Frente a este «círculo de la impotencia», he intentado mostrar como el 15M y procesos sociales posteriores como las Mareas o la PAH son, entre otras cosas, justamente esfuerzos políticos en los que se rechaza la necesidad de «maestros» o de líderes intelectuales como guías que lleven a los demás hacia la «educación», la «cultura» o el cambio social. Por el contrario, en estos movimientos se asume que las cosas se hacen mejor entre todos, cuando cada cual aporta sus capacidades y saberes. Su dinámica consiste en multiplicar estas capacidades y saberes creando redes de colaboración en las que cualquiera puede participar. Eso no significa, una vez más, que no se puedan valorar en su diferencia dichas capacidades y saberes: los movimientos entienden perfectamente que para algunas cosas hacen falta saberes técnicos o especializados, y para otras saberes cotidianos o experienciales; del mismo modo que entiende que no todo tiene el mismo valor dentro de cada uno de estos tipos de saber, y por ello se implementan mecanismos de filtrado y refinamiento destinados a crear «inteligencia colectiva». Pero sobre todo lo que plantean las prácticas de estos movimientos es justamente que la política y la cultura son cosas en las que todo el mundo debe participar activamente, porque todo el mundo vive en sociedad y necesita dar sentido a su existencia, y porque no es digno que otros decidan cómo debe hacerlo.

En este sentido, tal vez más aún incluso que las autoridades técnicas o expertas, han sido las intelectuales y políticas las que han resultado profundamente cuestionadas -si bien de modo implícito- por este ciclo de movimientos y su emergente «poder cultural». Las respuestas a ese cuestionamiento no se han hecho esperar. Pero hasta donde yo he podido investigar, han tendido a materializarse en críticas que, como las de Pérez-Reverte, en realidad no abordan esta cuestión central de la transformación cultural que supone la aparición de redes de colaboración que rechazan la tutela de cualquier vanguardia, sino que se limitan a esgrimir múltiples razones de lo más variopintas -y a menudo contradictorias- para restar valor a los movimientos, y particularmente al 15M.

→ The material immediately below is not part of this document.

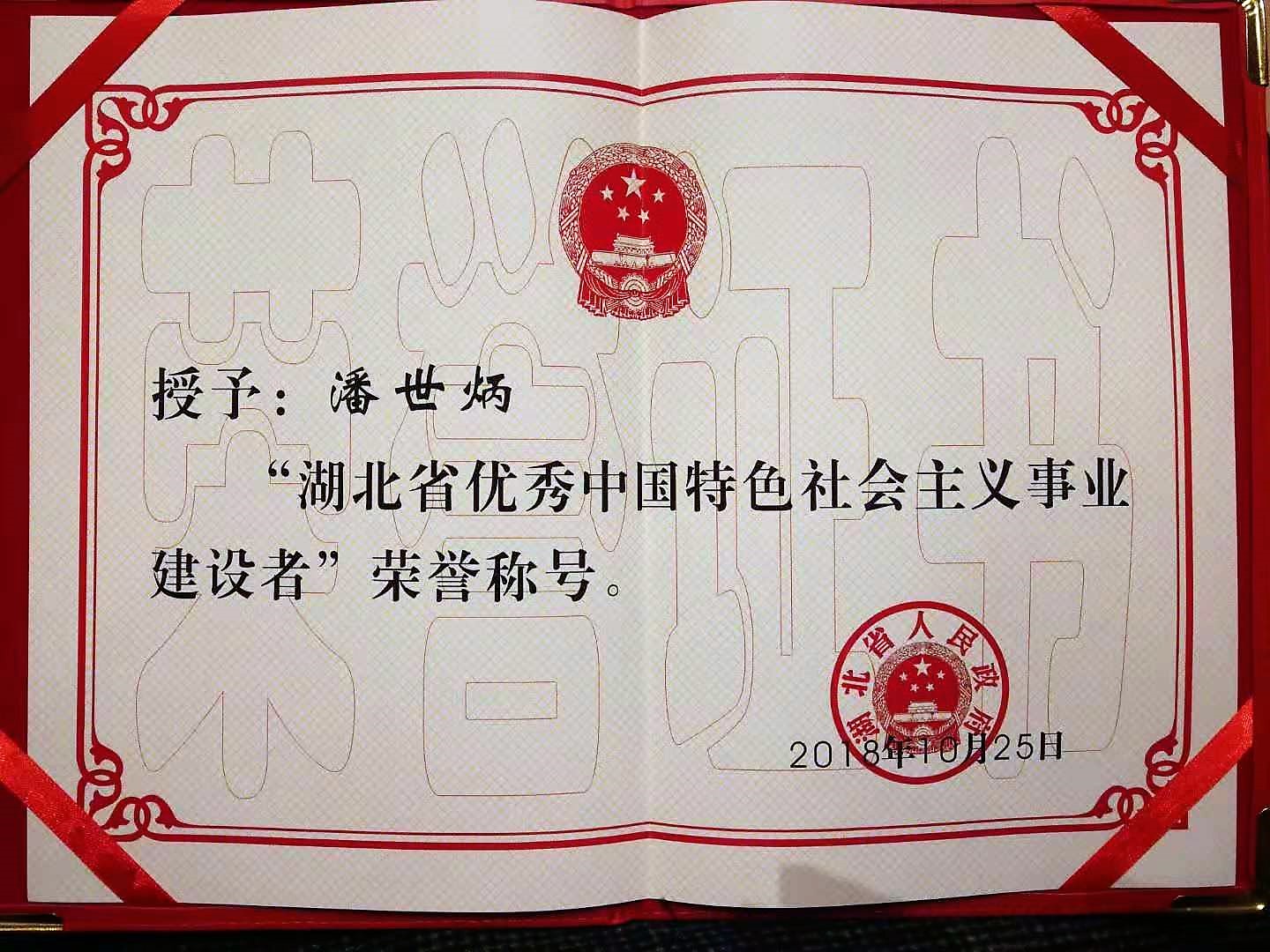 永业行潘世炳获省政府表彰为“湖北省优秀中国特色社会主义事业建设者”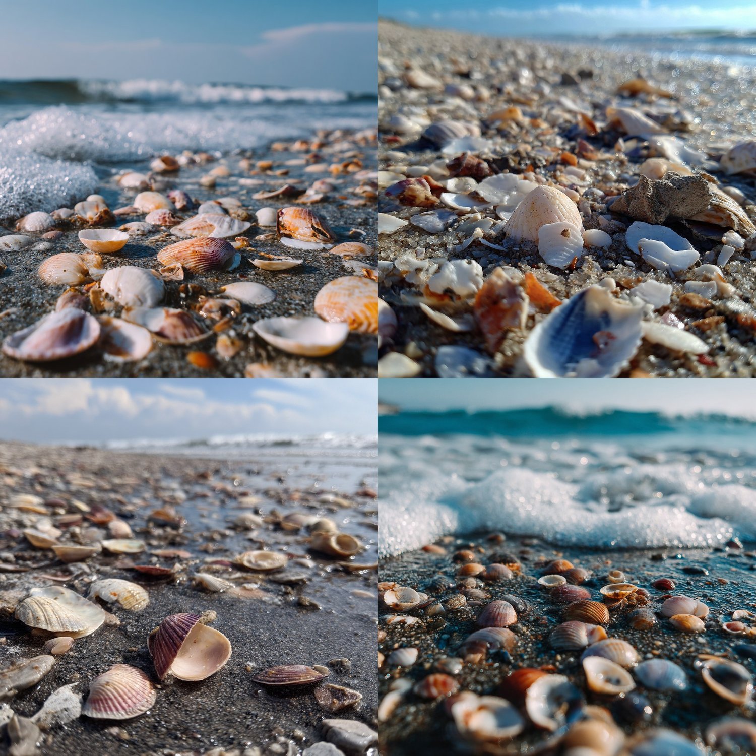 Generate a hyper-realistic close-up of a sandy beach scattered with broken and whole seashells under bright, optimistic weather. Perfect for nature photography, digital backgrounds, relaxation visuals, or beach-themed art. Keywords: beach close-up, seashells, sand textures, sunny weather, optimistic atmosphere, nature photography, realistic coastal scene.

Oídos sordos, insultos, consejos y reafirmaciones de autoridad

El artículo de opinión titulado «5 artículos no escritos sobre el 15M», publicado por el escritor y columnista Javier Cercas en El País el 24 de junio de 2011, resulta especialmente útil para emprender un rápido repaso a esas críticas, porque sugiere una tipificación de algunas de ellas. Cercas comienza el texto afirmando que lleva semanas queriendo escribir sobre el 15M, pero que nunca llega a hacerlo por varias razones. En esa primera apreciación se esconde ya una característica central de la manera en que muchos intelectuales se han relacionado con el 15M: han querido escribir sobre el movimiento, es decir, han querido tomarlo como uno más de la infinidad de «temas» o «asuntos» de actualidad sobre los que escriben cotidianamente desde la autoridad que les otorga la tradición que avala a la figura del intelectual y gozando de la difusión que les permite su participación en grandes medios de comunicación, cuyo papel es clave para mantener en pocas manos y dentro de una lógica neoliberal de competencia generalizada lo que Michel de Certeau llama el «establecimiento de la realidad».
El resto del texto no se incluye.